Forum Hafızoğlu

Tam Versiyon: ŞÜKREDEN ZENGİN, SABREDEN FAKİR (31 Aralık 2012 Fazilet)
Şu anda tam olmayan bir versiyonun içeriğine bakıyorsunuz. Tam versiyon'a bakınız.

ŞÜKREDEN ZENGİN, SABREDEN FAKİR

Sabreden fakir mi şükreden zengin mi hayırlıdır.

Bazıları ikisinin de fazilette eşit olduğunu söylemişlerdir.

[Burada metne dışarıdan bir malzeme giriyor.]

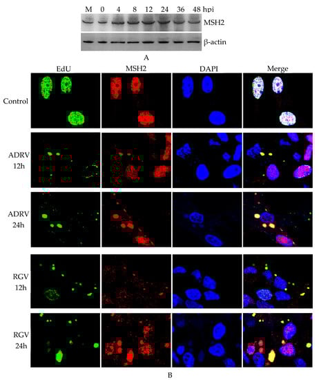 3.1. MSH2 Was Expressed during ADRV Infection and Localized with Viral Nascent DNA
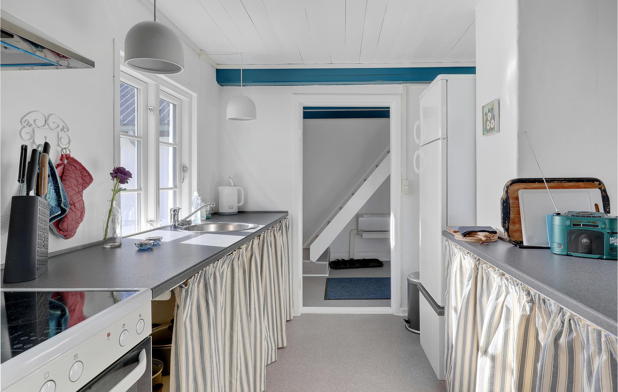 Velkommen til dette indbydende sommerhus, der kan rumme 4 personer med 2 soveværelser med dobbeltsenge. Huset er idyllisk placeret, og I har en vidunderlig udsigt over det omkringliggende landskab. De lyse og indbydende møbler gør det til et særligt hyggeligt sted. I kan tilbringe mange vidunderlige timer sammen ved brændeovnen i stuen, brænde er tilgængelig her gratis.
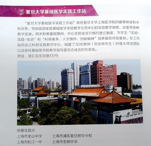 “复旦大学基础医学实践工作站”依托复旦大学上海医学院的雄厚师资和学科优势,特别是国家级基础医学实验教学示范中心的实验教学场地、设备等各种教学资源,开展一系列科学创新活动。在周末和寒暑假期间,中心实验室实行预约登记制度,为学生“实验-实践-实训”和“科研素养、人文情怀、创新精神”培养提供开放基地。在实践工作站内设立科研实践教学中心,组建实力雄厚的师资团队以及依托复旦大学基础医学院教学指导委员会成员的专家组。

Muhakkak insanlar kısım kısımdır.

Onlardan biri zengin olduğu halde dosdoğru hal üzere bulunandır. Eğer fakir olsaydı bu hal onu Allâhü Teâlâ’ya isyana götürürdü. Bu kimsenin zenginliği, kendisi için fakirliğinden daha hayırlıdır.

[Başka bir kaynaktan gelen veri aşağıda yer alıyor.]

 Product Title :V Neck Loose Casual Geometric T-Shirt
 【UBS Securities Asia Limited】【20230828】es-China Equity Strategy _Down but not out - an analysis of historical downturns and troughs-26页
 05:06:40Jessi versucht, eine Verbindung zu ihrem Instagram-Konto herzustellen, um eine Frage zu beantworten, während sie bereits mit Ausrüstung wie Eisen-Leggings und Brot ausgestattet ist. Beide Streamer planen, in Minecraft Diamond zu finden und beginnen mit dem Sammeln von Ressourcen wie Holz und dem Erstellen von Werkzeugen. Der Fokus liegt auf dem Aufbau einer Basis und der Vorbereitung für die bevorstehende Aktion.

İkincisi, fakirlikde dosdoğru yolda iken, zenginlik hali bozarak onu isyana taşıyan kimse içinse fakirlik zenginlikten hayırlıdır.

Üçüncüsü, her ikisi de hayırlıdır. Fakirlik halinde rıza, sabır gibi vazîfeleri yerine getiren, zengin olduğunda da Allâh’ın bu nimetine şükrederek ihsanda bulunan ve malını din ve dünyası için faydalı olarak harcayan kimsedir.

Resûlullâh Efendimiz’in (s.a.v.) çoğu hâli Allâh onu Hayber, Fedek, avâlî köylerinin ve Benî Nadîr’in malı ile zengin kılıncaya kadar fakirlik üzere idi. Peygamberlere ve evliyâya gelen her gün bir öncekinden daha hayırlıdır. Resûlullâh Efendimiz (s.a.v.) son zamanlarında ise zengin idi. Lâkin o zenginlik vaktinde de fakirlik zamanında olduğu gibi gayet cömert idi.

RESÛLULLÂH'IN MÜBAREK İSMİNİ ANMAK

Hz. Âdem, oğlu Şît aleyhisselâma şöyle tavsiye etti:

“Ey oğul! Sen benden sonra benim halîfemsin. Yerime geçtiğinde en sağlam tutamak (kulp) olan takvâya sarıl. Ne zaman Allâh’ın adını ansan yanında Muhammed (sallallâhü aleyhi ve sellem)in adını da an. Zira ben arşın ayaklarında ve göklerde gittiğim her yerde onun ismini yazılı buldum. Rabbim beni cennetine yerleştirdiğinde onun adı yazılı olmayan bir köşk yahut oda görmedim. Muhammed aleyhisselâmın ismi hûrilerin boynunda, cennet ağaçlarının, hatta Tûbâ ağacının yapraklarında, Sidre-i Müntehâda, perdelerin her yerinde ve meleklerin gözleri arasında yazılı idi.

Sen onun adını dâima an, zira melekler hep onu anarlar.”